Die Mitgliederkartei der NSDAP, deren Original sich seit 1994 im Bundesarchiv befindet und dort genutzt werden kann, ist seit April dieses Jahres Gegenstand intensiver öffentlicher Diskussionen. Leider kann die zum Teil kuriose Geschichte der Kartei hier nur angedeutet werden. Als die US-Armee im Frühjahr 1945 auf München vorrückte, beschloss die Führung des Braunen Hauses, der Parteizentrale der NSDAP, die gewaltige Mitgliederkartei zum Schutz der Parteigenossen zu vernichten. Die Kartei – bestehend aus der Zentral- und der Gaukartei – wurde Mitte April 1945 der Papiermühle Wirth im Münchner Norden zur Vernichtung übergeben.

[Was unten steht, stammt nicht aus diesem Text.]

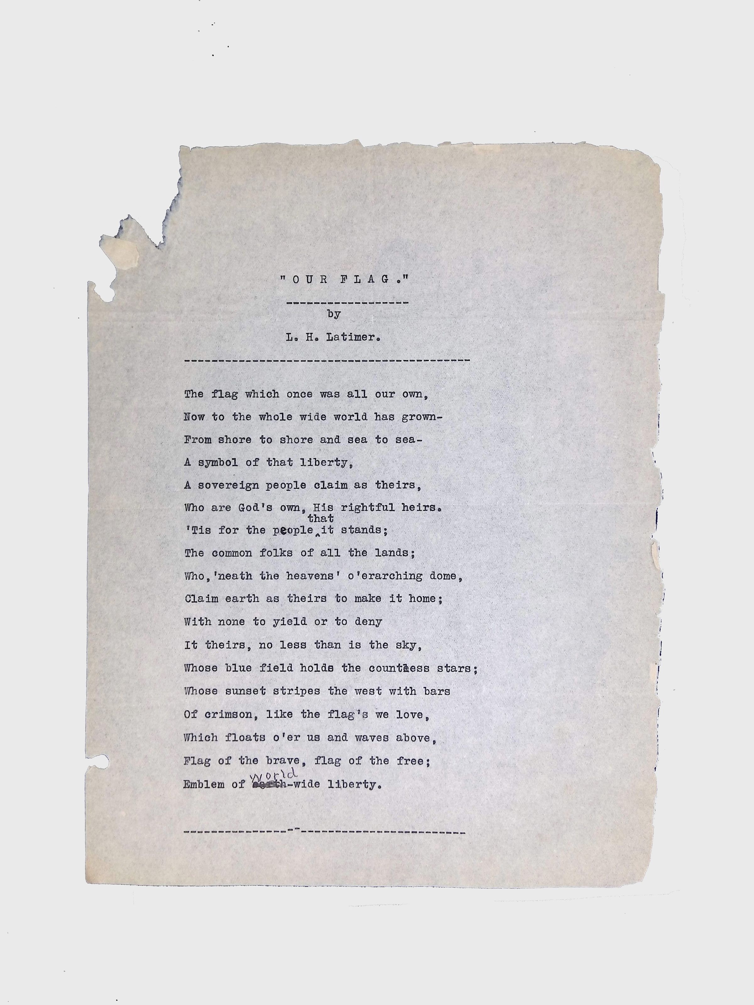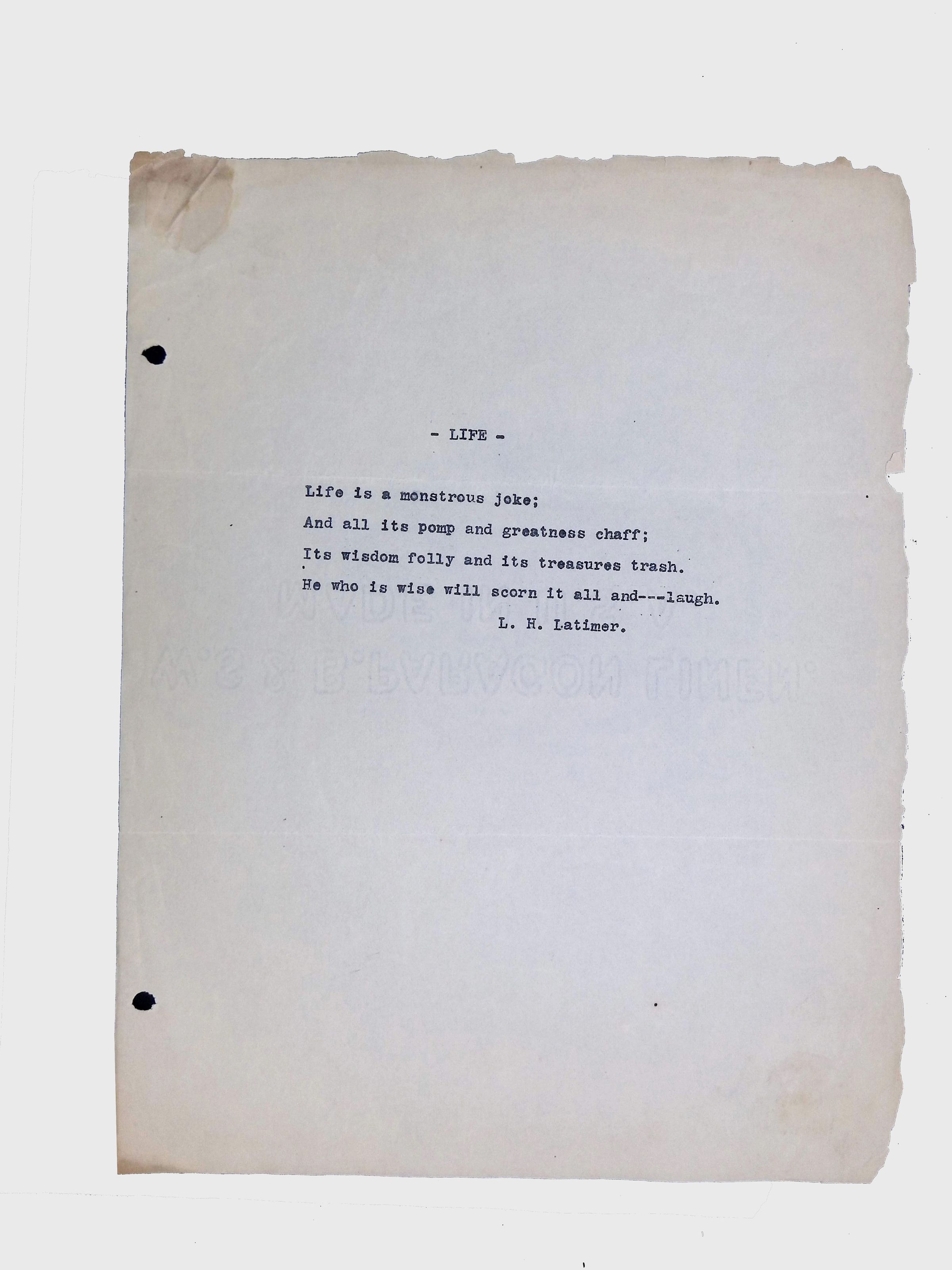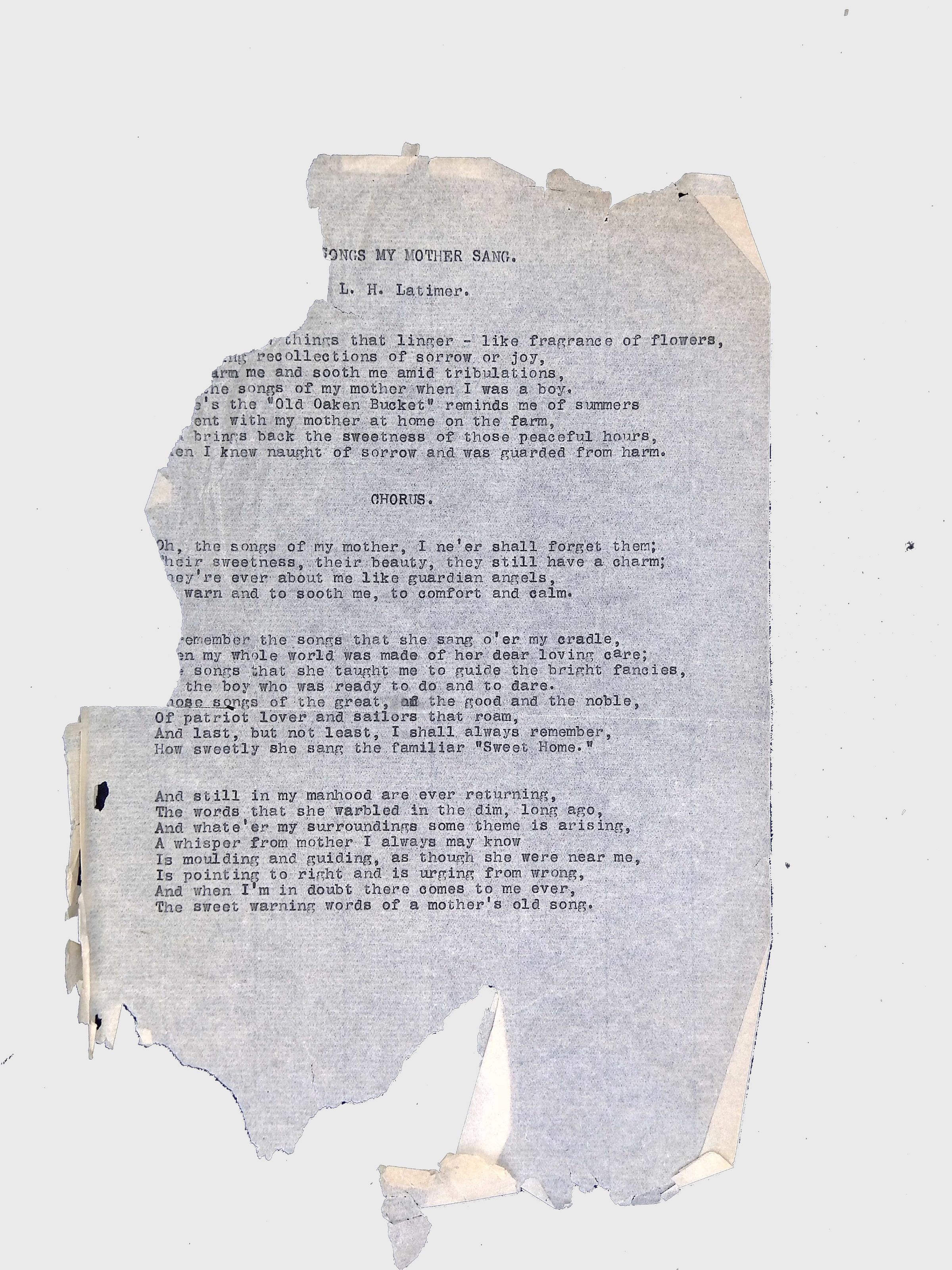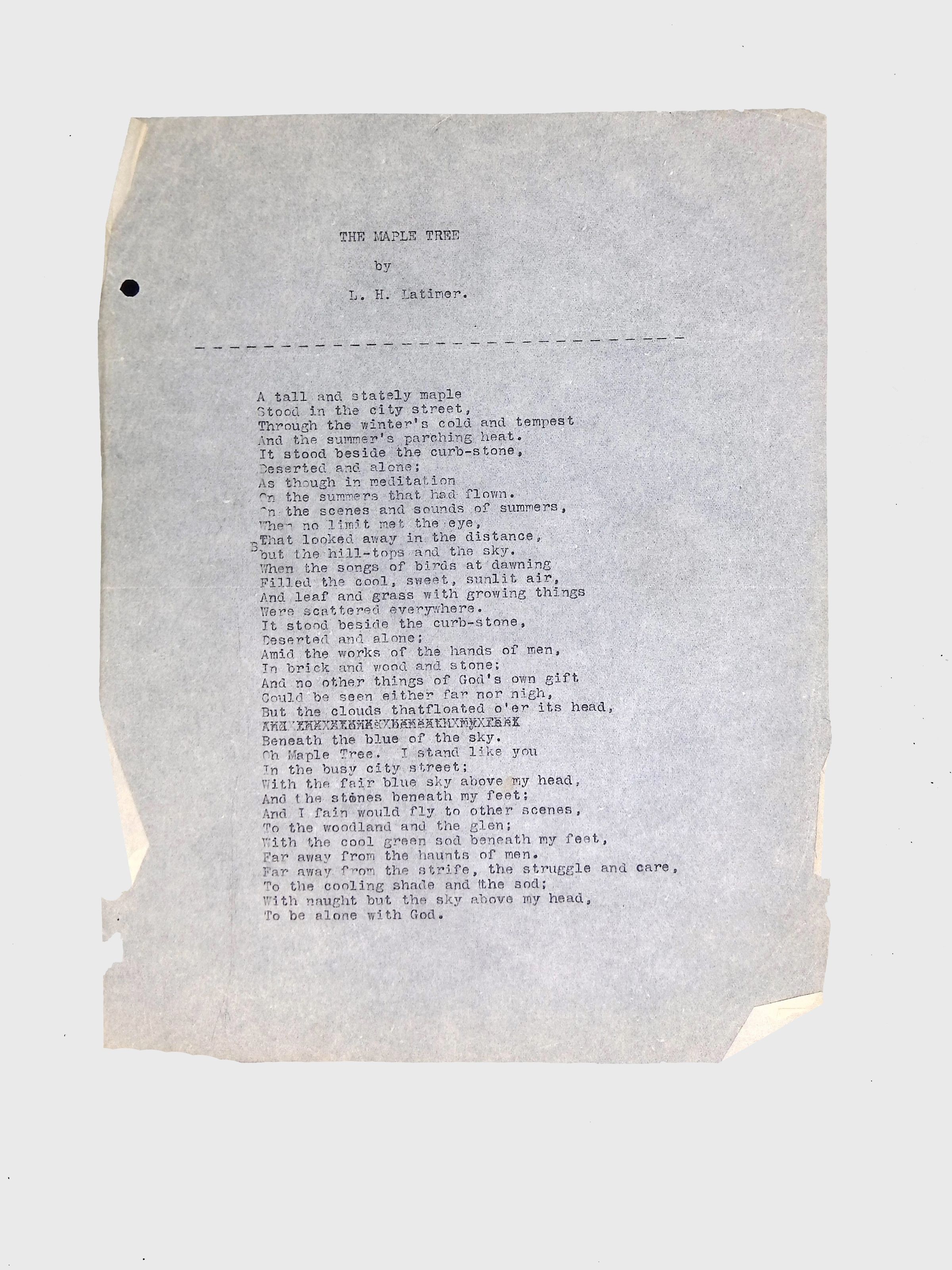 This folder contains original and copied writings by Lewis H. Latimer, including poetry, essays, and notes. Latimer was not only an inventor but also a talented writer and poet, expressing his thoughts on race, society, and personal reflections. The folder includes poems pertaining to African American life such as “Frederick Douglass” and “Cream White,” and a clipping of one of Latimer’s poem published in The New York Age, New York City’s African American newspaper.Collection

Der Geschäftsführer Hanns Huber verschleppte die Umsetzung des Befehls und machte später die amerikanische Besatzungsmacht auf die Kartei aufmerksam, die jedoch die Bedeutung der Unterlagen nicht gleich erkannte. Erst um die Jahreswende 1945/46 wurde die Kartei nach Berlin-Zehlendorf überführt und dort – zusammen mit weiteren umfangreichen Personalunterlagen der NSDAP, der SS und Waffen-SS oder der berufsständischen Kammern – im Berlin Document Center (BDC) zusammengefasst. Offensichtlich kam es im Verlauf dieser Aktionen zu erheblichen Verlusten, die auf mehr als 30 Prozent geschätzt werden.

Der deutschen und internationalen Öffentlichkeit blieben das BDC und seine Unterlagen weitgehend verborgen. Auskünfte zur Mitgliedschaft in NSDAP, SA, SS oder anderen NS-Organisationen wurden grundsätzlich nur für amtliche Zwecke wie z. B. für die Strafverfolgung von Kriegsverbrechen erteilt. Das Auskunftsverfahren war bis 1994 sehr kompliziert und alles andere als transparent.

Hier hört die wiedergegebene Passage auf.